Paxlovid is not authorized for the pre-exposure or post-exposure prevention of COVID-19, or for initiation of treatment in those who require hospitalization due to severe COVID-19. In addition, Paxlovid is not authorized for use for longer than five consecutive days. There are numerous drug interactions that may alter the dosing or use of this antiviral.
The federal government has purchased about 3 million courses of molnupiravir and 20 million courses of Paxlovid. Production of both medications is expected to increase rapidly in the next few months, with the White House expecting 4 million courses of Paxlovid to be available by the end of January, and up to 10 million courses to be available by June.

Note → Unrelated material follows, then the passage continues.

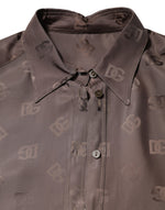 shirt blends classic tailoring with modern luxury. Crafted in a rich brown tone, it features a sharp collared neckline, long sleeves, and subtle logo detailing for a refined touch. Perfect for smart-casual or sophisticated everyday styling.

Both oral antivirals will be distributed by the federal government to individual states and jurisdictions for allocation to health care facilities and pharmacies; availability and access will vary.
Additional information on these and other treatment options is available on the Academy’s COVID-19: Clinical Resources & Patient Education webpage.
Since the start of the COVID-19 pandemic, the Academy has routinely provided information on vaccines for children and adolescents when available, along with resources from the CDC and other agencies to assist AAFP members in preparing to administer the COVID-19 vaccines.
Staff and medical experts at the Academy have also continued to update resources and content on AAFP.org and familydoctor.org to keep members apprised of the latest information. The Academy’s COVID-19 and COVID-19 Vaccine webpages have the latest data on the pandemic and the vaccines used to fight COVID-19, along with information on recent and upcoming FDA and ACIP meetings, educational materials, AAFP advocacy and more.